To show you how to set it up, see the swi_vsync demo. The most important code is given below; a screen shot can be found in fig 2. What it does is give a rotating metroid sprite with an angular velocity of π rad/s (this corresponds to Δθ = 0x10000/4/60= 0x0111). The basic steps for interrupt handling should be familiar, except the fact that there’s no real VBlank isr because the switchboard already takes care of acknowledging the interrupt. After that it’s pretty simple: we use ObjAffineSet() to calculate the required affine matrix and VBlankIntrWait puts the CPU on Halt until the next VBlank interrupt.

// inside main, after basic initialisations

AFF_SRC as= { 0x0100, 0x0100, 0 };

// enable isr switchboard and VBlank interrupt
irq_add(II_VBLANK, NULL);


    // Full circle = 10000h
    // 10000h/4/60= 111h -> 1/4 rev/s = 1 passing corner/s
    as.alpha += 0x0111;
    ObjAffineSet(&as, &oaff.pa, 1, 8);

    obj_aff_copy(obj_aff_mem, &oaff, 1);

Prefer VBlankIntrWait() over vid_vsync()

Waiting for the VBlank via vid_vsync() (or its functional equivalent) is not a good idea: it wastes too much battery power. The recommended procedure is using VBlankIntrWait() to halt the processor, to be woken again on the VBlank interrupt.

Acknowledging IntrWait routines

VBlankIntrWait() is only one of the BIOS’s IntrWait() routines that can stop the CPU until an interrupt has been raised. However, it doesn’t look at REG_IF but at REG_IFBIOS (0300:7FF8) for the acknowledgement of the interrupt. If your game locks up after trying VBlankIntrWait(), this may be why.

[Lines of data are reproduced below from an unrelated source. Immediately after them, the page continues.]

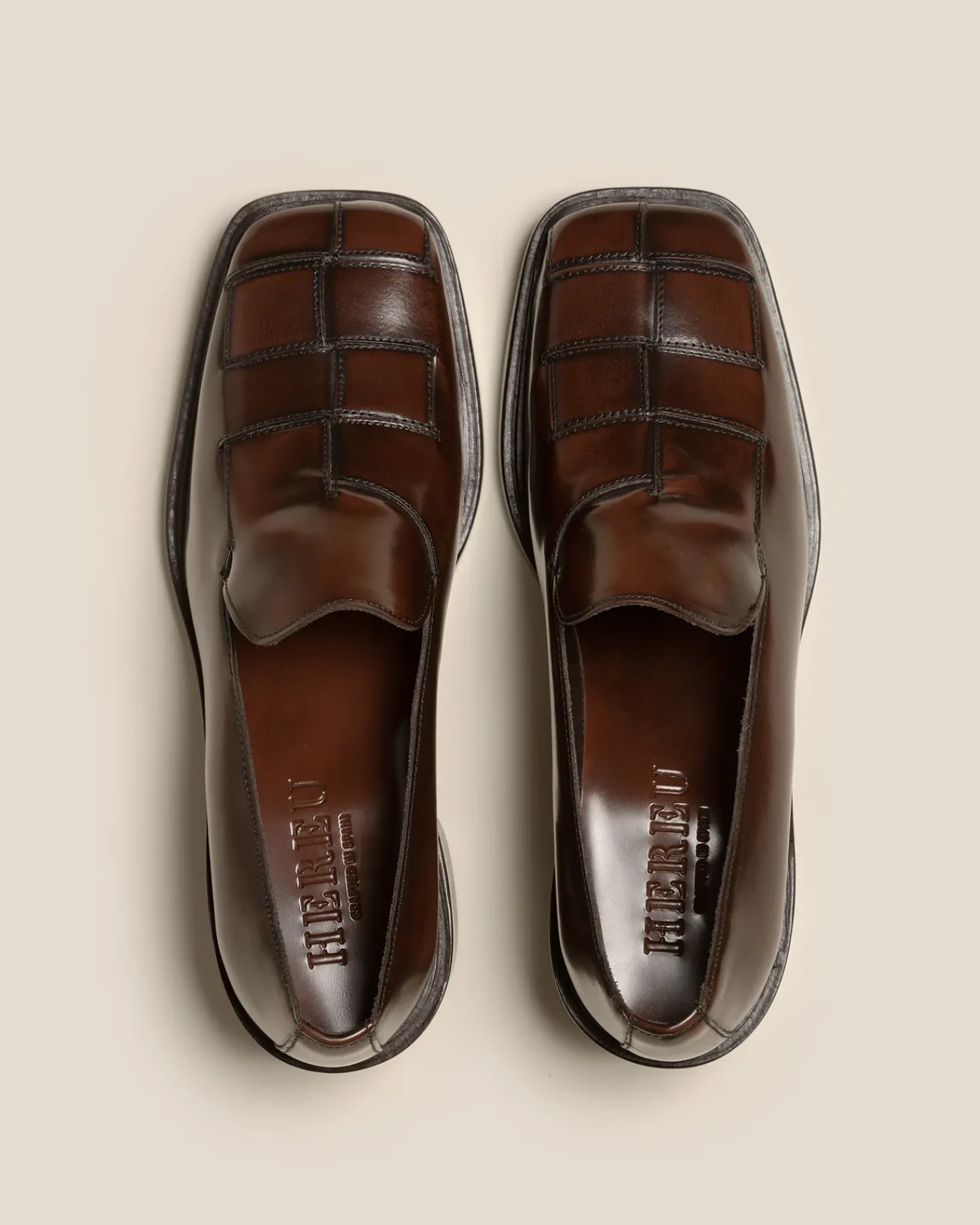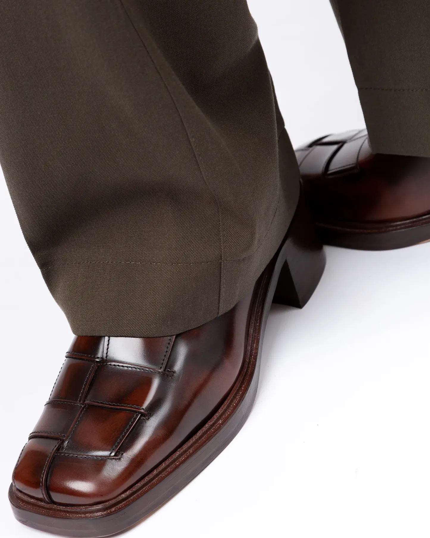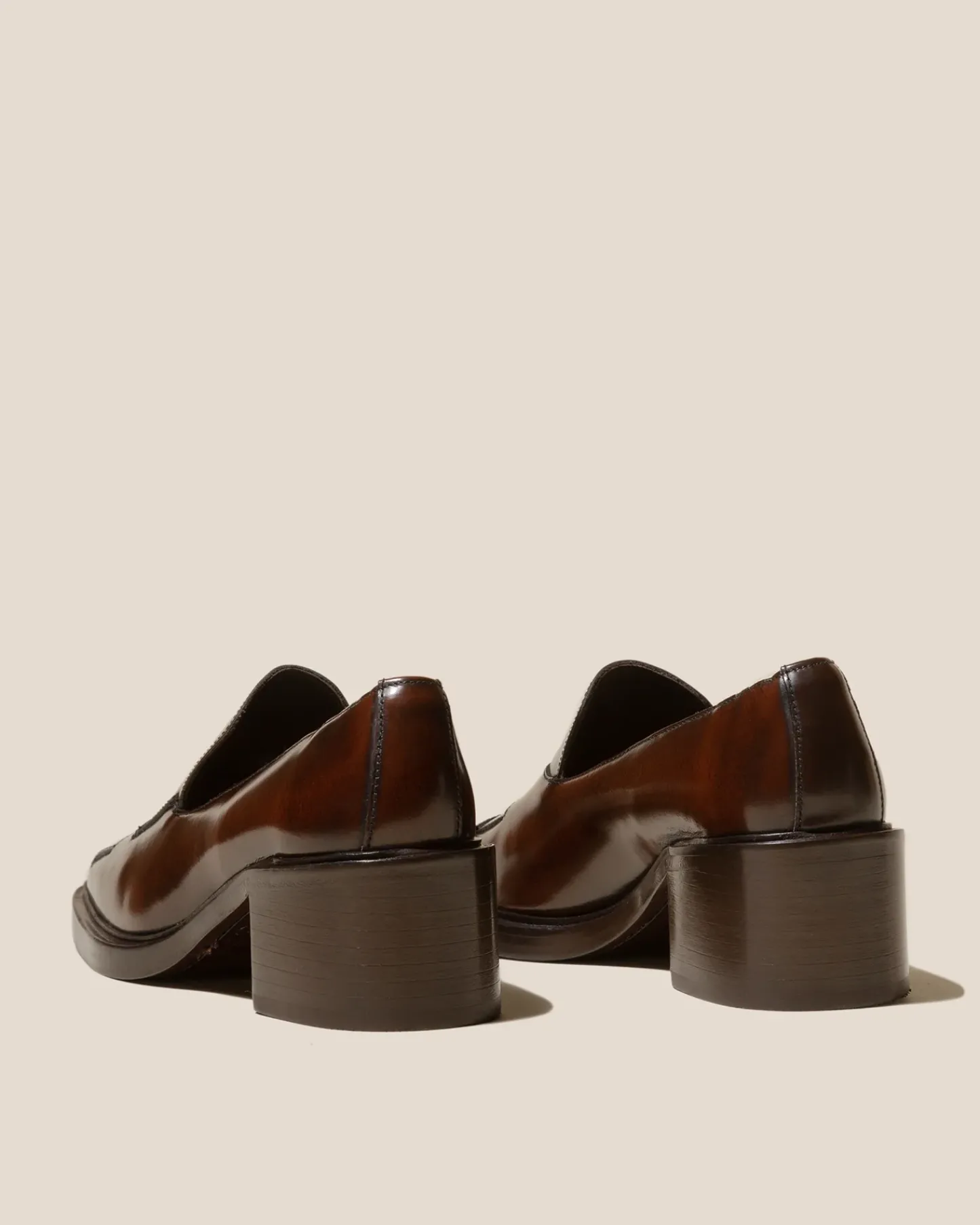 Interwoven heeled slip-on loafer crafted in Spanish brushed leather.
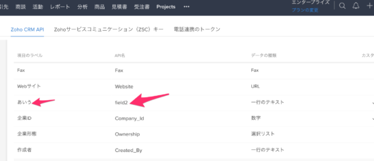 この画像の例だと「あいう」という項目名ですが、API名は「field2」となっていますね。なので、API名を編集して好きな名前をつけると良いかと思います。「Document_Request_Date」とか。field2のまま行く場合で、zoho_hubを利用する場合は
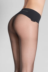 Like a second skin that's totally invisible under clothes, these seamless crotchless tights emphasise the silhouette with their subtle shine. The delicate seams elegantly accentuate the back of the legs. A sculpting, ultra-comfortable waistband in Maison Close's signature tone-on-tone design shapes the waist. Without reinforcement on the feet, heeled sandals are an obvious choice. Ladderless design. Made in Italy in a workshop known for its excellence.
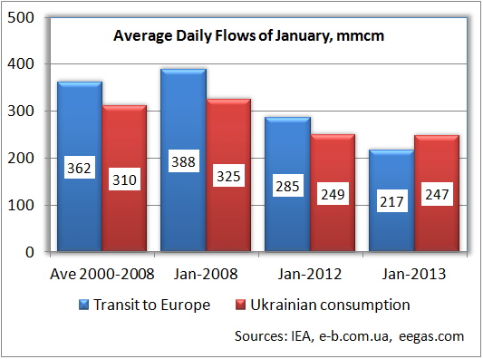 транзита газа в Европу компании "Нафтогаз Украины" требуется намного
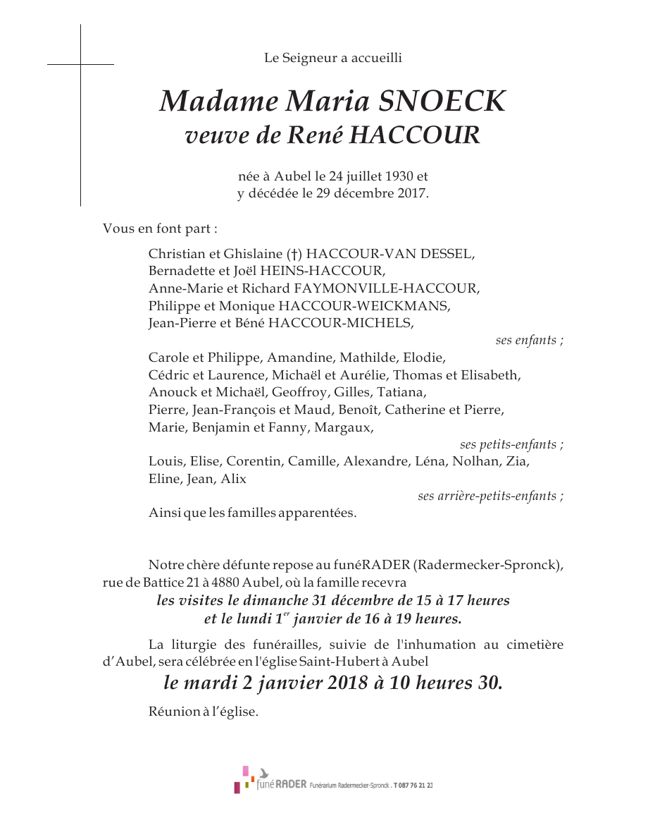 Décédée à Aubel (4880) le vendredi 29 décembre 2017 à l'âge de 87 ans

Note that you may find the address under other names, as there isn’t really an official one for it.

Final thoughts

Now that you know how to use them, I should warn you that you shouldn’t go overboard with them. It appears that the BIOS routines have been designed for space, not speed, so they aren’t the fastest in the world. Not only that, there’s an overhead of at least 60 cycles for each one (mind you, normal functions seem to have a 30 cycle overhead). If speed is what you’re after then the BIOS calls may not be the best thing; you can probably find faster routines on the web … somewhere. This doesn’t mean that the BIOS routines can’t be useful, of course, but if you have alternative methods, use those instead. Just remember that that’s an optimisation step, which you shouldn’t do prematurely.